LM-SPT: LM-Aligned Semantic Distillation for Speech Tokenization

With the rapid progress of speech language models (SLMs), discrete speech tokens have emerged as a core interface between speech and text, enabling unified modeling across modalities. Recent speech tokenization approaches aim to isolate semantic information from low-level acoustics to better align with language models (LMs). In particular, previous methods use self-supervised learning (SSL) teachers such as HuBERT to extract semantic representations, which are then distilled into a semantic quantizer to suppress acoustic redundancy as well as capture content-related latent structures. However, these tokenizers often operate at relatively high frame rates, producing token sequences significantly longer than their textual counterparts and hindering seamless integration with pretrained LMs. Although recent methods attempt to reduce the token rate by applying uniform average pooling to SSL features, this can over-smooth content-bearing regions and dilute the structural information, thereby potentially limiting the LM alignment. To address this, we propose LM-SPT, an LM-aligned speech tokenization method based on semantic speech-resynthesis distillation. Instead of directly matching teacher and student features via pooling, LM-SPT resynthesizes speech from semantic tokens only and minimizes the discrepancy between representations extracted from the original and resynthesized waveforms using a frozen, LM-aligned speech encoder. This indirect supervision avoids rigid temporal alignment and encourages dedicated semantic units that are more semantically aligned with LMs under reduced frame rates. Experimental results show that the proposed LM-SPT consistently outperforms previous semantic-enhanced speech tokenizers when applied to SLMs for the tasks of automatic speech recognition and text-to-speech, even without compromising the speech reconstruction fidelity at the codec level.

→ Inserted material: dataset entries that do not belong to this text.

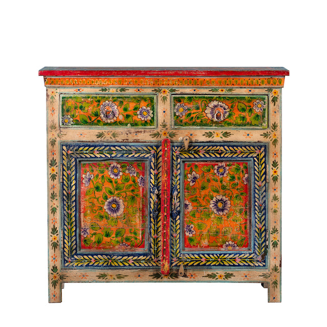 Wir stellen Ihnen unseren exquisit handbemalten Schrank Nahan aus recyceltem Holz vor. Die gesamte Oberfläche des Schranks ist mit aufwendigen Blumenmustern verziert, die sorgfältig von Hand aufgetragen wurden.
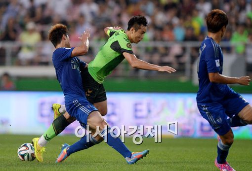 [전주=아시아경제 김현민 기자] 6일 전주월드컵경기장에서 열린 프로축구 'K리그 클래식 2014' 전북 현대와 수원 삼성의 경기에서 전북 이동국이 상대의 거친 수비에 넘어지고 있다.김현민 기자 kimhyun81@asiae.co.kr<ⓒ세계를 보는 창 경제를 보는 눈, 아시아경제(www.asiae.co.kr) 무단전재 배포금지>
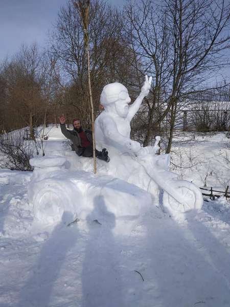 У селі під Луцьком зліпили величезного сніговика-байкера. ФОТО
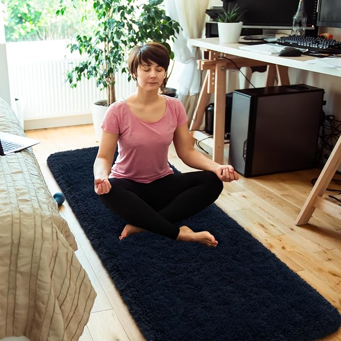 Amearea Shag Fluffy Runner Rug for Bedroom Girls Living Room, 2x6 Feet Extra Soft and Fuzzy Shaggy Rugs, Non Slip, Indoor Floor Long Carpet Mat for Boys Nursery Home Decor, Navy Blue

翻译：随着语音语言模型（SLMs）的快速发展，离散语音分词已成为语音与文本之间的核心接口，能够实现跨模态的统一建模。近期语音分词方法旨在分离语义信息与低级声学特征，以更好地与语言模型（LMs）对齐。具体而言，先前方法利用HuBERT等自监督学习（SSL）教师模型提取语义表示，随后将其蒸馏至语义量化器中，以抑制声学冗余并捕捉与内容相关的潜在结构。然而，这些分词器通常以较高的帧率运行，生成长度显著长于文本对应物的词元序列，阻碍了与预训练LMs的无缝集成。尽管近期方法尝试通过对SSL特征应用均匀平均池化来降低词元速率，但这可能导致内容相关区域的过平滑化并稀释结构信息，从而可能限制LM对齐效果。为解决此问题，我们提出LM-SPT——一种基于语义语音重合成蒸馏的LM对齐语音分词方法。与通过池化直接匹配教师与学生特征不同，LM-SPT仅从语义词元重合成语音，并利用冻结的LM对齐语音编码器最小化从原始波形与重合成波形提取的表示之间的差异。这种间接监督避免了严格的时间对齐，并促使在降低帧率条件下形成与LMs更具语义对齐性的专用语义单元。实验结果表明，在自动语音识别与文本转语音任务中应用SLMs时，所提出的LM-SPT在解码器层面不牺牲语音重建保真度的情况下，始终优于先前的语义增强型语音分词器。